秋田県の鹿角市長をつとめてきた元中部森林管理局長の関厚氏(71歳)が4月27日に投開票された同市長選挙で落選した。関氏は、市職員に対するパワハラ問題で市議会から2度の不信任決議を突きつけられて失職。起死回生を期して、出直し市長選に挑んだが、元市議の笹本真司氏(39歳)が5,268票を獲得して初当選を果たし、4,746票の関氏は次点に終わった。投票率は58.41%(前回は63.13%)だった。
同市では、元市長の児玉一氏が在任中の官製談合防止法違反容疑などで2022年4月に逮捕され、同年7月に秋田地方裁判所が懲役3年、執行猶予4年の判決を下し、翌8月に有罪が確定した経緯がある。
関氏は、市政の刷新などを掲げて2021年6月の市長選に出馬して9,257票を得て勝利し*1、公約である地場産業の振興などに取り組んできた。

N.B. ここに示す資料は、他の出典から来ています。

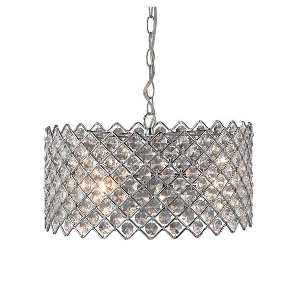 Taklampa Lindö med en stilfull design. Tillverkad i kromad metall med vackra brilliant prismor. Liten lamphållare (E14). Max 40W glödljus eller motsvarande styrka i halogen. 1,5 meter sladd med takkopp för krokupphäng. Lampan monteras lätt på plats och passar perfekt in i flera olika miljöer.

だが一方で、元市長の汚職の原因となった道の駅の改革などを巡って議会側との対立が続く中で、市職員への威圧的言動が問題化した。事態の鎮静化に向けて市が設置した第三者調査委員会(委員長=山口謙治・大館山口法律事務所、弁護士)は、市職員への無記名アンケートなどを行った上で、関氏が発した暴言など12件をパワハラに認定する報告書を今年(2025年)1月に公表した。
同報告書によると、関氏は、机を叩きながら職員を叱責したほか、「霞が関(国)では誰かが責任を感じてJRに飛び込んだりビルの上から飛び降りたりする」など過激な発言があったとされ、全国的にも注目を集めた。

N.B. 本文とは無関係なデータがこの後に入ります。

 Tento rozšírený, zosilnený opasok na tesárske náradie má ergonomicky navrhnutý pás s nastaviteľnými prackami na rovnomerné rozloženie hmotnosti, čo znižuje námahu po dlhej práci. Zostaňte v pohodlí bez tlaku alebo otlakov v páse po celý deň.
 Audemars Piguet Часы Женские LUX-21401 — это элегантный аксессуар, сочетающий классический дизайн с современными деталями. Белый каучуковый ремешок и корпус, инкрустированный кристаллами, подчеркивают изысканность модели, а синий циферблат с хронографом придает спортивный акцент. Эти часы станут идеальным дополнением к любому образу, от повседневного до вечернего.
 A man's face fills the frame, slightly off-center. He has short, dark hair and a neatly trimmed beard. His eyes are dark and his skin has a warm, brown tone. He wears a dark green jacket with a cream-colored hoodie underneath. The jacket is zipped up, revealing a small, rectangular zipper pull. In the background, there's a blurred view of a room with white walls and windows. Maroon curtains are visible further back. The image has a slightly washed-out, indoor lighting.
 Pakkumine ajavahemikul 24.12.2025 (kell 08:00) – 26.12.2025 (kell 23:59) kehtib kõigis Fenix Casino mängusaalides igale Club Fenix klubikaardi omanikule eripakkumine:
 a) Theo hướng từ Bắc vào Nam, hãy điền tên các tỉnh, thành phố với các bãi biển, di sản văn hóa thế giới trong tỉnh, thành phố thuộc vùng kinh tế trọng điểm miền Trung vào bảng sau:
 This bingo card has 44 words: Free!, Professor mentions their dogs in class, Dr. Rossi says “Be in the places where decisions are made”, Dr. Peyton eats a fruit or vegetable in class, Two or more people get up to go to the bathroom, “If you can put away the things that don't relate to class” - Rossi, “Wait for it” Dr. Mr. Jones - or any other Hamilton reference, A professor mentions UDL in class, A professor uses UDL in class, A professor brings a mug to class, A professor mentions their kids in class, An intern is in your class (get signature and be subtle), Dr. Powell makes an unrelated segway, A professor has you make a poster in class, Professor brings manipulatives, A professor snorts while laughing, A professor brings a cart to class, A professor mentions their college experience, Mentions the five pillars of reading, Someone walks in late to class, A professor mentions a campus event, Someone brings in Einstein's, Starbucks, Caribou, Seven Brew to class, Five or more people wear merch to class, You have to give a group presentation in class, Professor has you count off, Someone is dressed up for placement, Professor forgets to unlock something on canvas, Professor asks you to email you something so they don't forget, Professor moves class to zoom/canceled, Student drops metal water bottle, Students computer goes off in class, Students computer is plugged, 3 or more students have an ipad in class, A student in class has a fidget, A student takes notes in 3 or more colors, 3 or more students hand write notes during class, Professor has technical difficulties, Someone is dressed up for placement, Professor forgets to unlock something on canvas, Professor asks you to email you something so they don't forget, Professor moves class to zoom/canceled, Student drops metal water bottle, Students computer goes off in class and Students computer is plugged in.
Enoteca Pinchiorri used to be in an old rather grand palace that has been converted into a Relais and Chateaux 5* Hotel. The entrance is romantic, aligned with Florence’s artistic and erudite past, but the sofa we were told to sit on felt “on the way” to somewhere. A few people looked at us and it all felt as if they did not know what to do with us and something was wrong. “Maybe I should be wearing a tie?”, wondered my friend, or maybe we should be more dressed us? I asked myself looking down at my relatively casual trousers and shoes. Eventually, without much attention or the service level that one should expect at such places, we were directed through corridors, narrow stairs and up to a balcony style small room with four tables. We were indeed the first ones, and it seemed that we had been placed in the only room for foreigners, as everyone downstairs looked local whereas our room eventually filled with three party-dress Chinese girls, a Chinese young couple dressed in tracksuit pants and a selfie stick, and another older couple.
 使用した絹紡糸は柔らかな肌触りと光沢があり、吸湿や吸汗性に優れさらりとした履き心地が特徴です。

同報告書を踏まえて、市議会は関氏の市長不信任決議案を賛成多数で可決。これに対して、関市長は2月に市議会解散を選び、3月に市議会選挙を実施したが、新勢力となった市議会も再び市長不信任決議案を賛成多数で可決し、地方自治法の規定により関氏は市長を自動失職した。
なお、関氏は、林野庁の職員時代もエキセントリックな言動で周囲を驚かせることがあったが、業務面では独自の突破力を活かして実績を出していた。